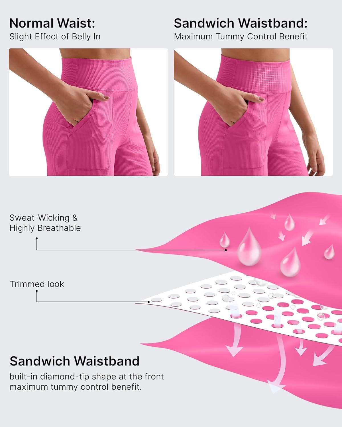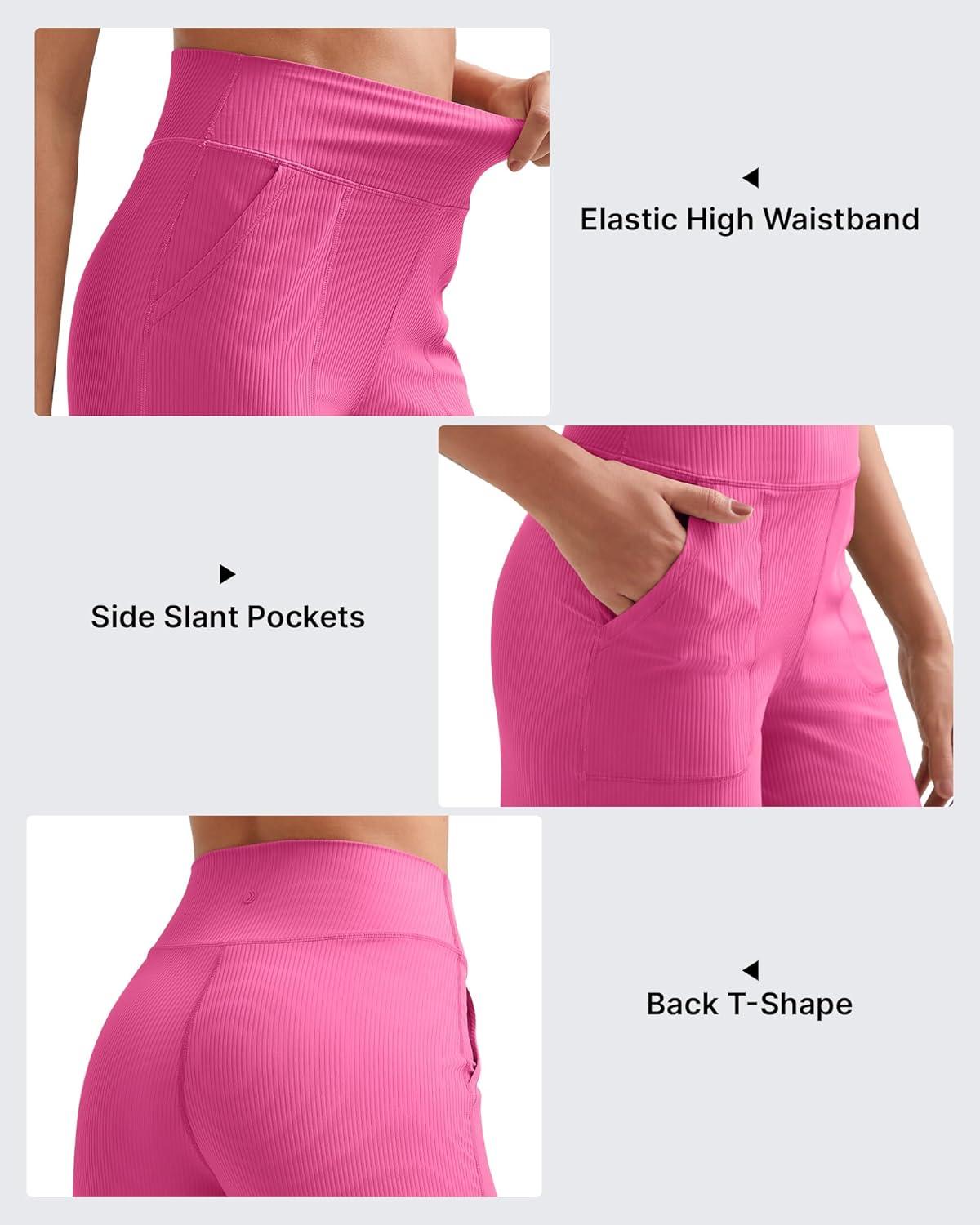 G4Free Womne’s Ribbed Knit Wide Leg Pants with Pockets Lightweight Stretchy Yoga Pants Casual Lounge(Hot Pink)
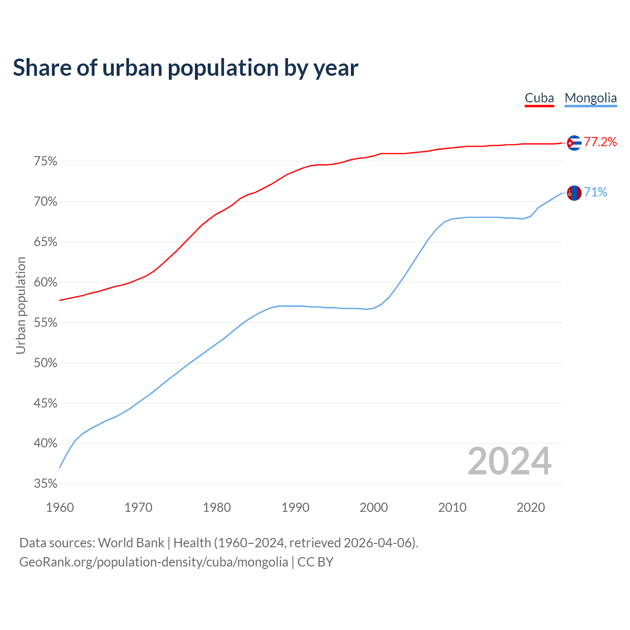 From 2004 to 2024, the share of urban population changed from 75.9% to 77.2% in Cuba and from 60.8% to 71% in Mongolia.
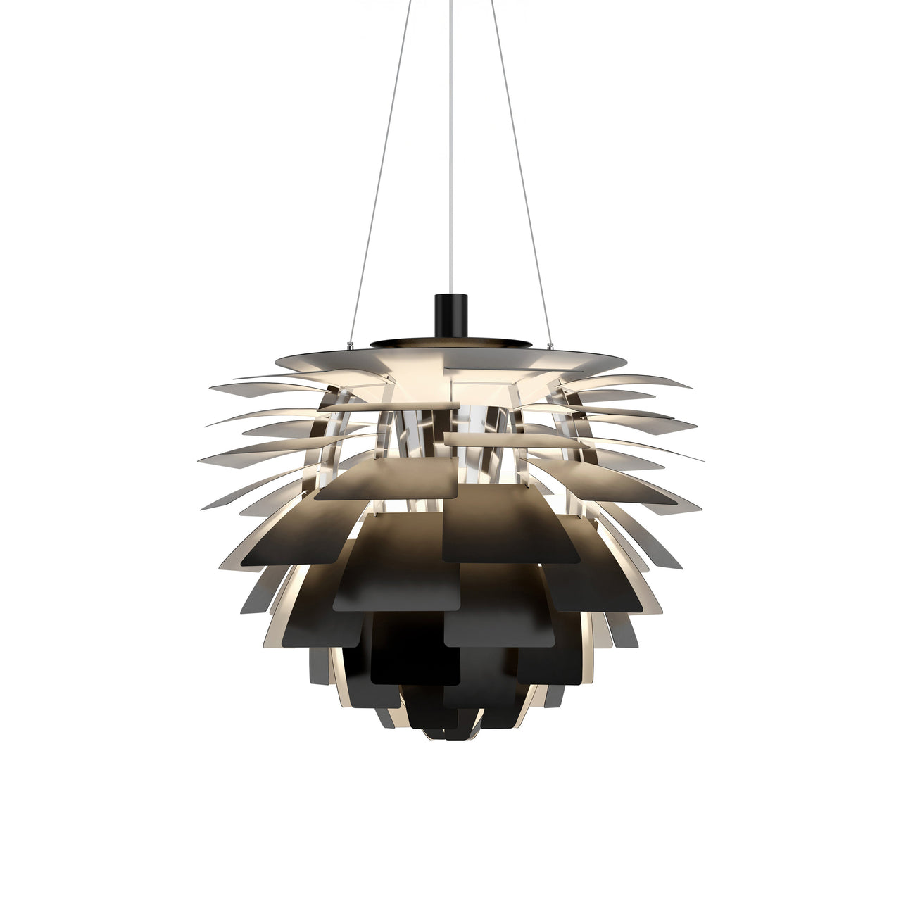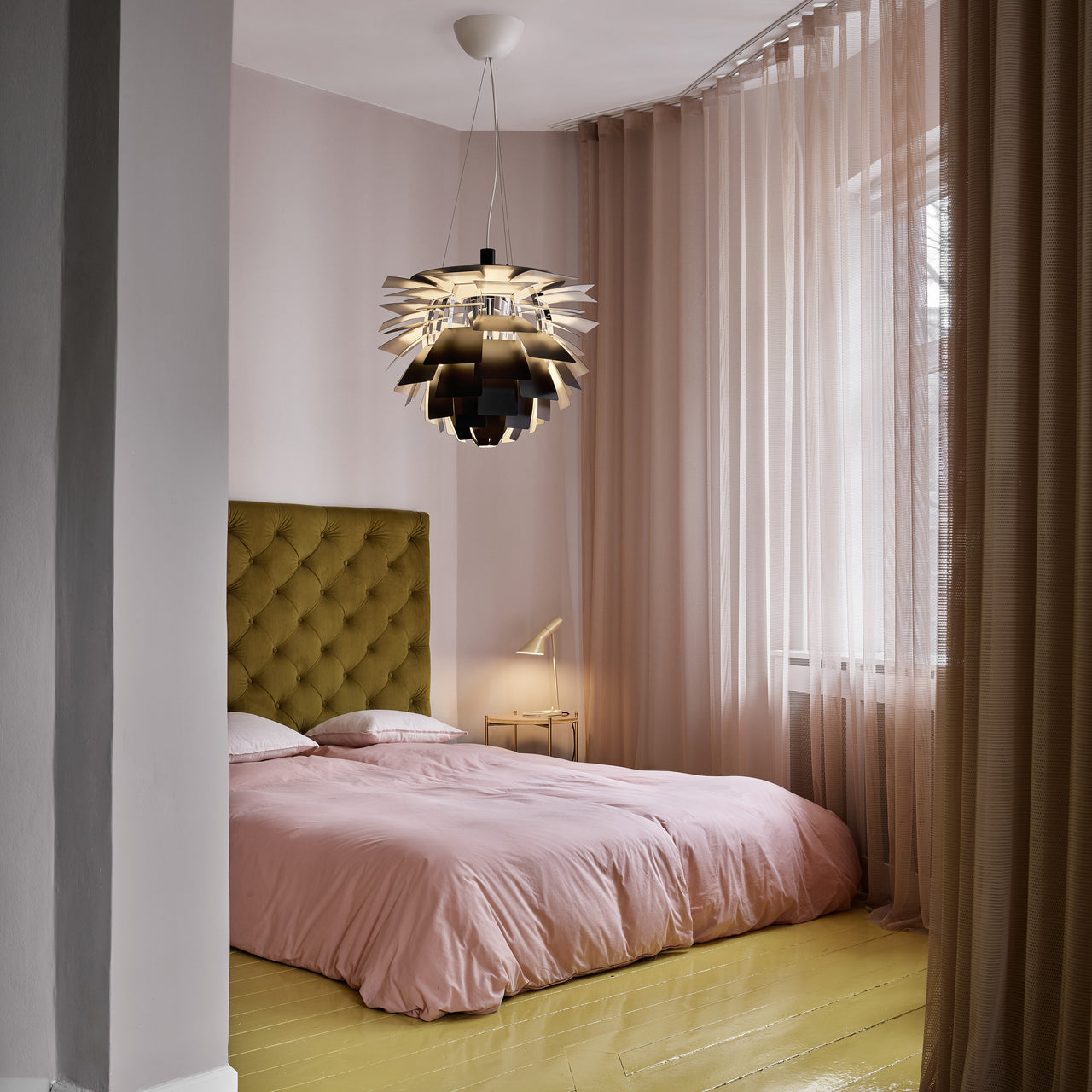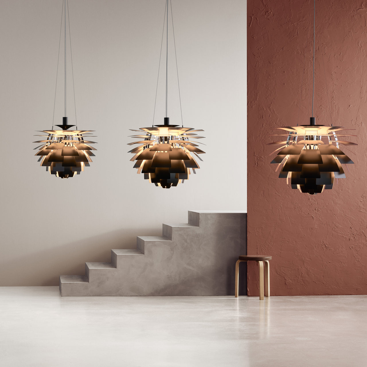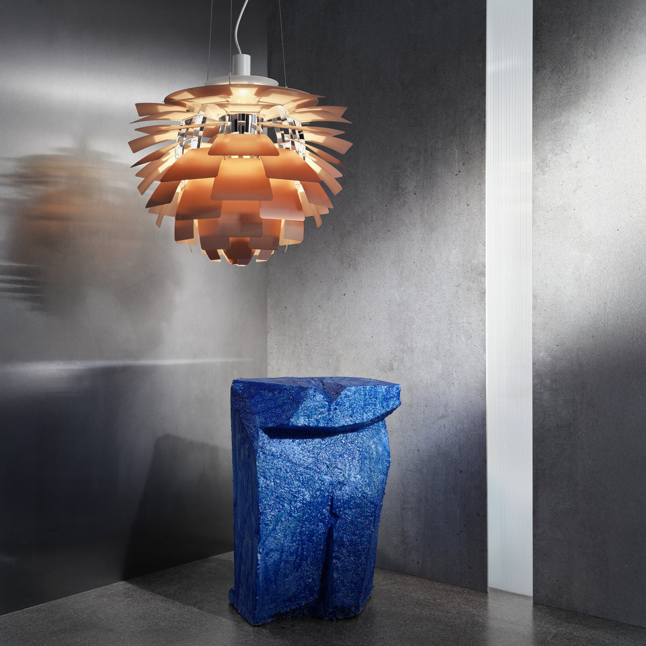 Breathtaking in form, the large version of PH Artichoke, like its sister pendants, features 72 precisely positioned leaves in concentric rows to provide glare-free light from any angle. Still largely made by hand, Poul Henningsen’s sculptural circa-1958 design, now powered by an LED, is offered in a range of metallics or a powder-coated finish.
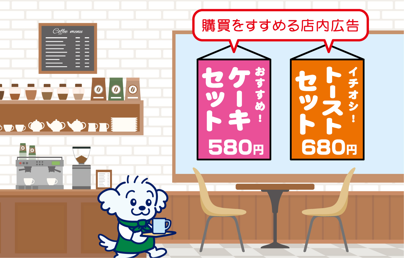 購買をすすめる店内広告では「ケーキセット580円」などと平均単価が少し高い商品を謳う、
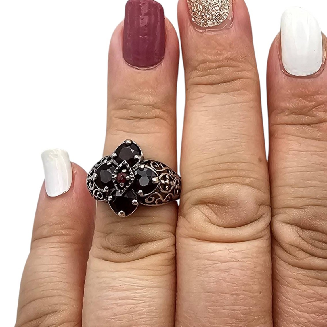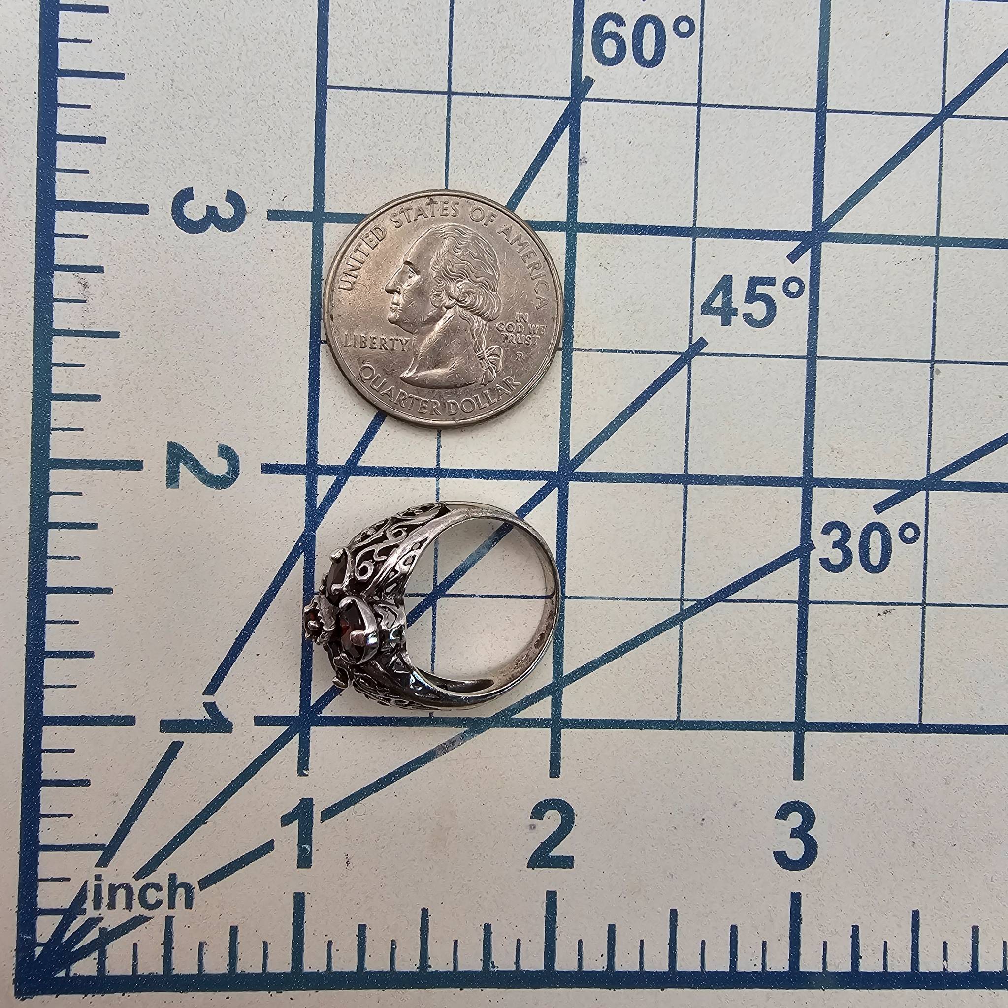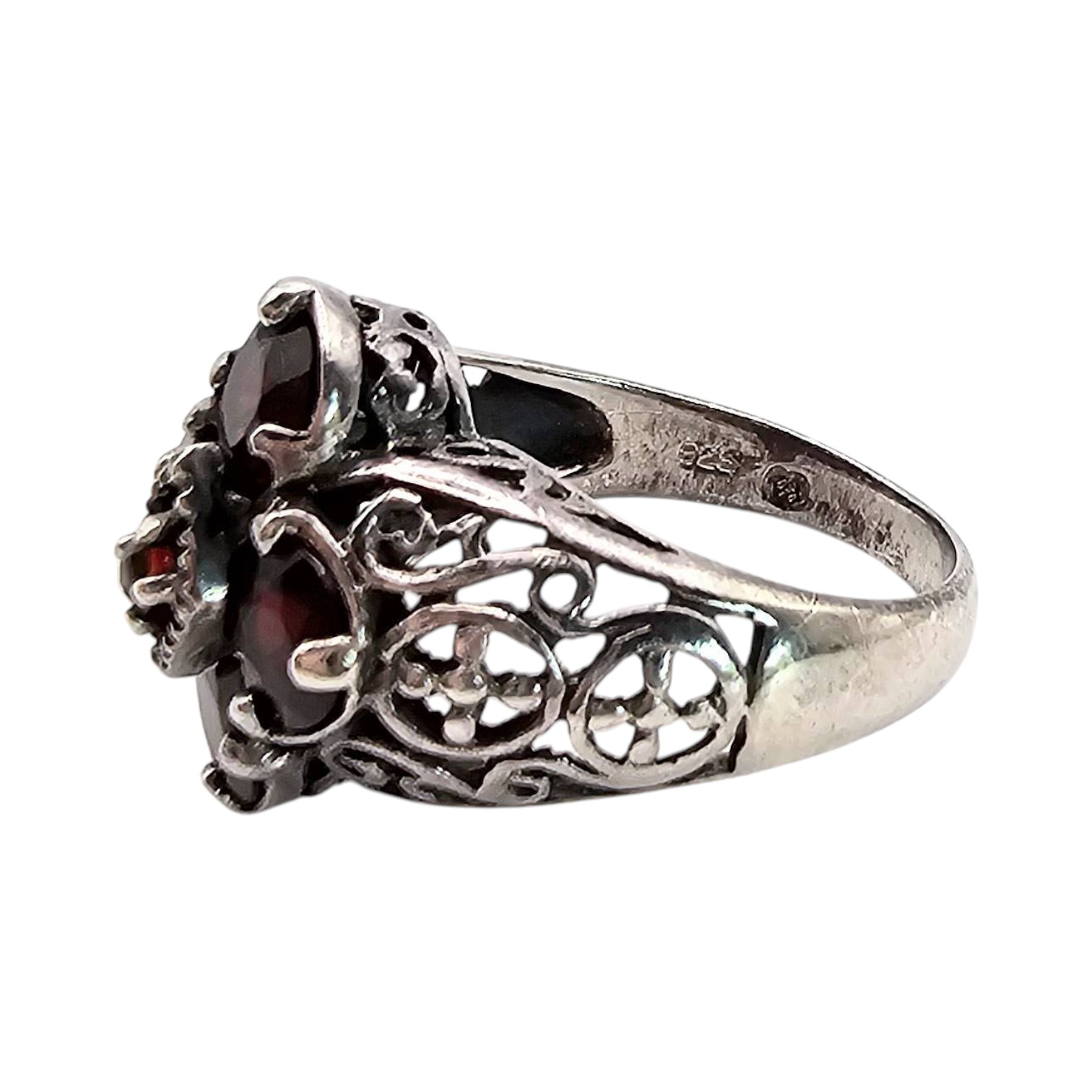 Sterling silver ring featuring a red rhinestone arrangement in an elegant floral-inspired design. The decorative filigree band adds intricate detail to the piece. The ring is marked 925 and weighs 4.1 grams with a size of 5.75. Ideal for collectors or as a statement accessory.

### Problem details
Apart from the pictures, every record must be set down exactly.

### Output for this task
 G4Free Womne’s Ribbed Knit Wide Leg Pants with Pockets Lightweight Stretchy Yoga Pants Casual Lounge(Hot Pink)
 From 2004 to 2024, the share of urban population changed from 75.9% to 77.2% in Cuba and from 60.8% to 71% in Mongolia.
 Breathtaking in form, the large version of PH Artichoke, like its sister pendants, features 72 precisely positioned leaves in concentric rows to provide glare-free light from any angle. Still largely made by hand, Poul Henningsen’s sculptural circa-1958 design, now powered by an LED, is offered in a range of metallics or a powder-coated finish.
 購買をすすめる店内広告では「ケーキセット580円」などと平均単価が少し高い商品を謳う、
 Sterling silver ring featuring a red rhinestone arrangement in an elegant floral-inspired design. The decorative filigree band adds intricate detail to the piece. The ring is marked 925 and weighs 4.1 grams with a size of 5.75. Ideal for collectors or as a statement accessory.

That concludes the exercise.